§ **Task objective**
From the first line to the last, restate the records word for word, skipping the pictures.

*** Opening of Dataset records ***

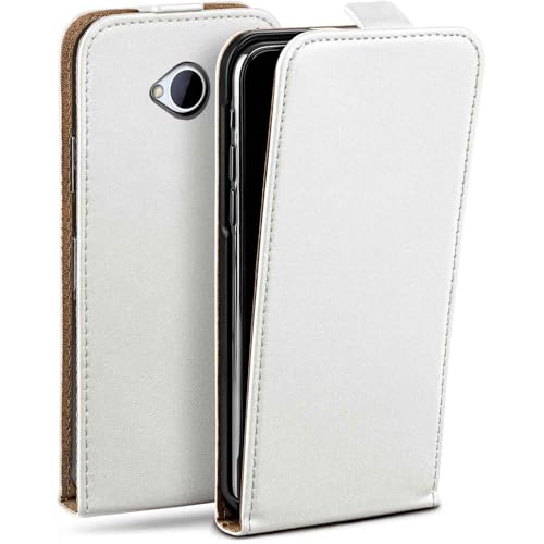 moex Flip Case för HTC One M7 fodral vikbart, 360 grader runt komplett skydd, hopfällbart skal av veganskt läder, mobilväska med vertikal klaff, magnetisk – vit
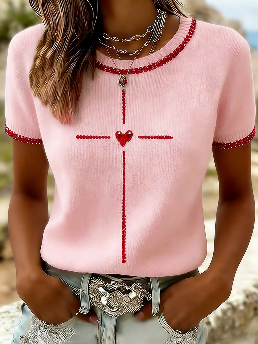 Maglietta da donna con stampa a maniche corte Faith Cross Love Heart San Valentino
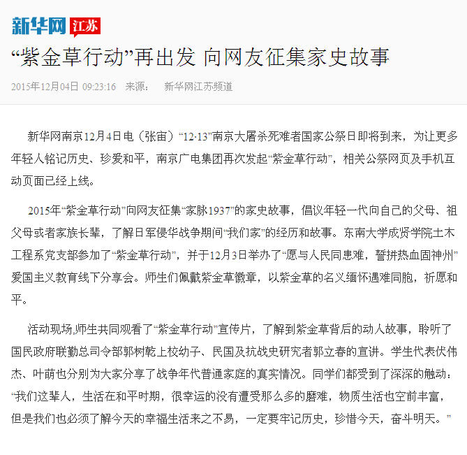 【新华网】“紫金草行动”再出发 向网友征集家史故事
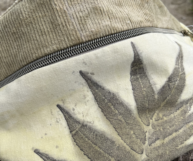 Sac banane réalisé à partir de tissus recyclés et teints naturellement à la main. Chaque sac est pensé comme une œuvre d’art et possède son numéro de série.
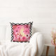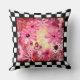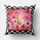 Whimsical Abstracte Bloemen Roze Rood Check Rand Kussen
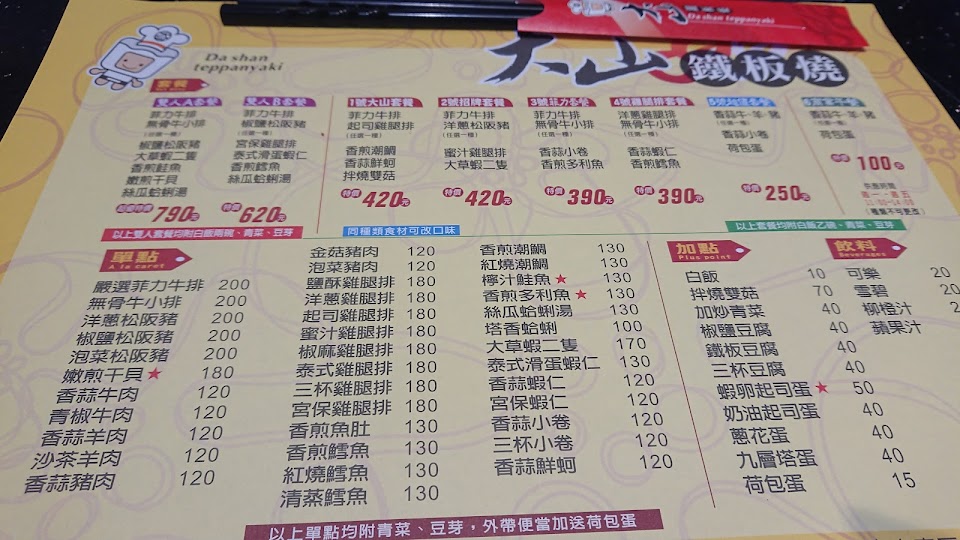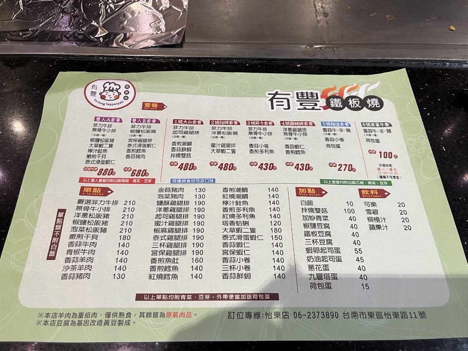 2024最新在地推薦餐廳的菜單_有豐鐵板燒(原大山)的菜單、圖片
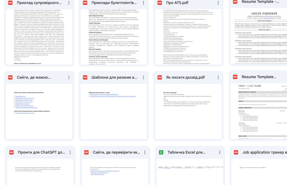 13 шаблонів (CV, CL, AI-промпти) - бери й вставляй
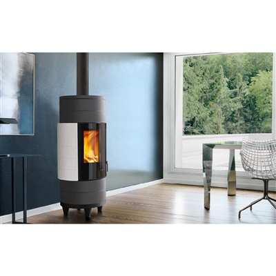Stufa a Legna ermetica modello CIRCLE a convezione naturale, con rivestimento in Maiolica, installabile a Centrostanza - Parete - Angolo.
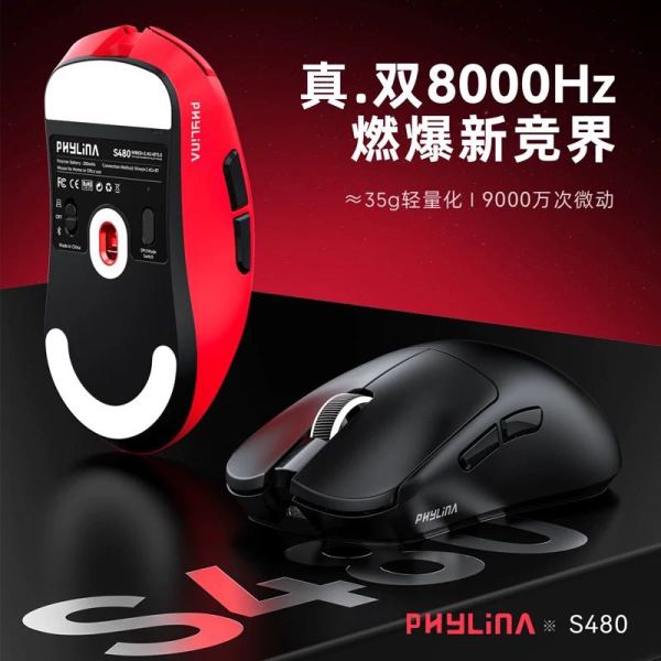 phylina 无线鼠标游戏电竞电脑办公蓝牙3950双8K无孔轻量化S480
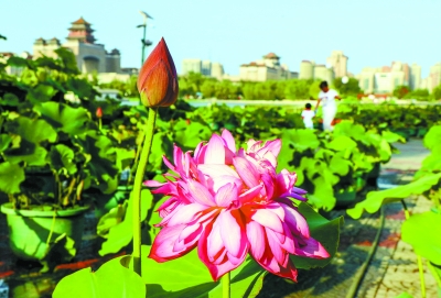 昨天,莲花池公园西门内数百盆盆栽荷花随着高温的催生,许多已是含苞待放,性急的已绽开花蕾,吸引了人们的目光。
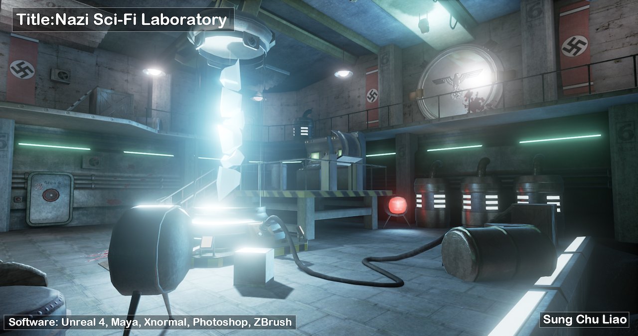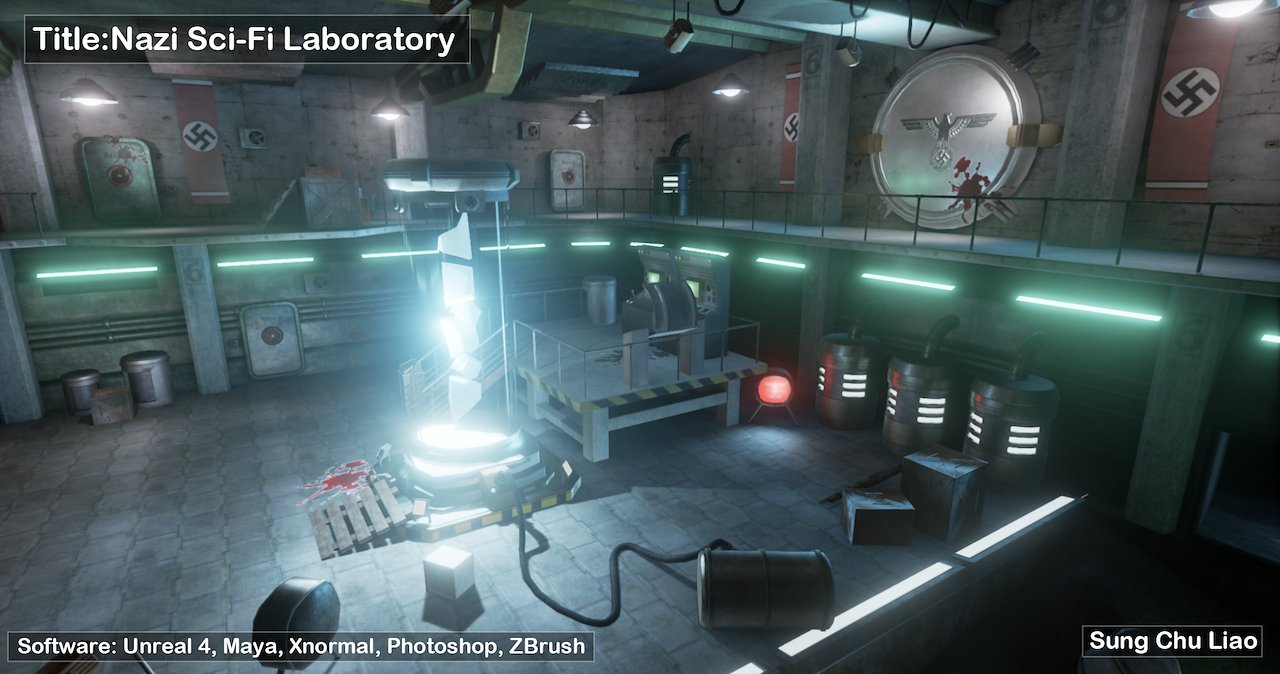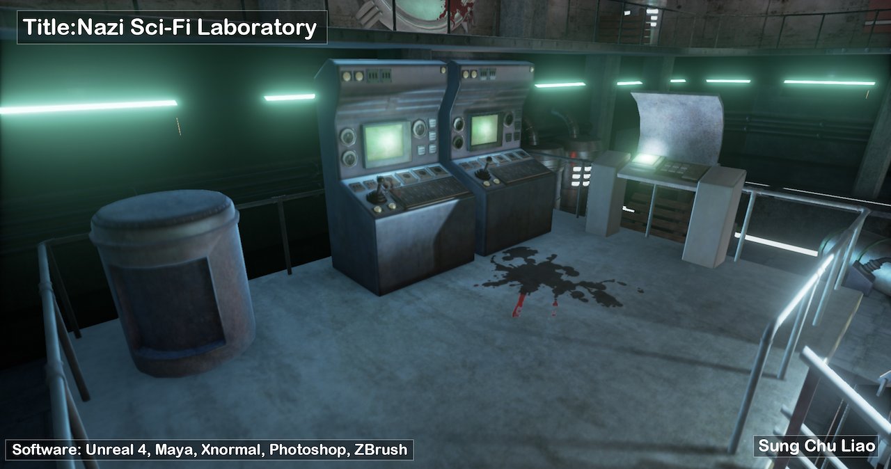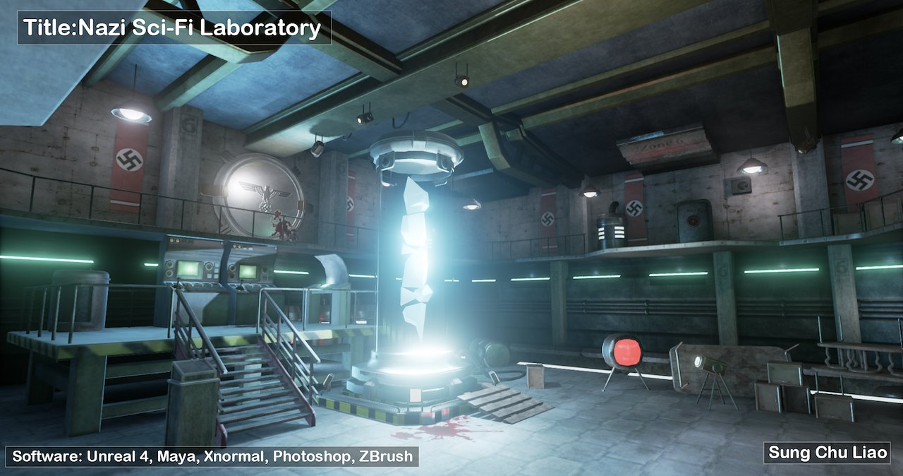 This project was my final project for my environment modeling class last year. The concept was base on the Nazi mix of Sci-Fi. Before I started the project, I use Photoshop to create the layout of the maps. I would then used Maya to model the element. After I finished the modeling and UVing, I bring the model to ZBrush to create the High Res model and bake a normal map with X-Normal. At last, I put all of this element to unreal 4 and play around the material blueprint.
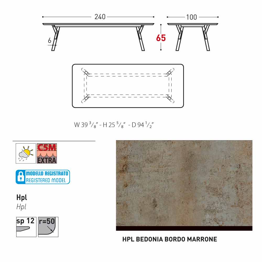Caratteristiche HPL: laminati ad alta pressione. Sono costituiti da numerosi strati di carta (70%) impregnati con resine termoindurenti (30%) e compattati attraverso l'azione combinata di calore (circa 150 gradi ) e alta pressione (maggiore di 7Mpa) per circa 45-50 minuti. Il risultato è un prodotto stabile, non reattivo, non poroso e di alta densità, con caratteristiche fisiche e chimiche di alta resistenza meccanica (escursione termica controllata +80; -40 gradi, su tempo limitato inferiore ai 30 secondi alle temperature estreme), esposizione alla luce ed esposizione alle variazioni di temperatura, anche in ambienti marini.

*** Close of Dataset records ***

§ **Task solution**
 moex Flip Case för HTC One M7 fodral vikbart, 360 grader runt komplett skydd, hopfällbart skal av veganskt läder, mobilväska med vertikal klaff, magnetisk – vit
 Maglietta da donna con stampa a maniche corte Faith Cross Love Heart San Valentino
 【新华网】“紫金草行动”再出发 向网友征集家史故事
 Sac banane réalisé à partir de tissus recyclés et teints naturellement à la main. Chaque sac est pensé comme une œuvre d’art et possède son numéro de série.
 Whimsical Abstracte Bloemen Roze Rood Check Rand Kussen
 2024最新在地推薦餐廳的菜單_有豐鐵板燒(原大山)的菜單、圖片
 13 шаблонів (CV, CL, AI-промпти) - бери й вставляй
Stufa a Legna ermetica modello CIRCLE a convezione naturale, con rivestimento in Maiolica, installabile a Centrostanza - Parete - Angolo.
 phylina 无线鼠标游戏电竞电脑办公蓝牙3950双8K无孔轻量化S480
 昨天,莲花池公园西门内数百盆盆栽荷花随着高温的催生,许多已是含苞待放,性急的已绽开花蕾,吸引了人们的目光。
 This project was my final project for my environment modeling class last year. The concept was base on the Nazi mix of Sci-Fi. Before I started the project, I use Photoshop to create the layout of the maps. I would then used Maya to model the element. After I finished the modeling and UVing, I bring the model to ZBrush to create the High Res model and bake a normal map with X-Normal. At last, I put all of this element to unreal 4 and play around the material blueprint.
Caratteristiche HPL: laminati ad alta pressione. Sono costituiti da numerosi strati di carta (70%) impregnati con resine termoindurenti (30%) e compattati attraverso l'azione combinata di calore (circa 150 gradi ) e alta pressione (maggiore di 7Mpa) per circa 45-50 minuti. Il risultato è un prodotto stabile, non reattivo, non poroso e di alta densità, con caratteristiche fisiche e chimiche di alta resistenza meccanica (escursione termica controllata +80; -40 gradi, su tempo limitato inferiore ai 30 secondi alle temperature estreme), esposizione alla luce ed esposizione alle variazioni di temperatura, anche in ambienti marini.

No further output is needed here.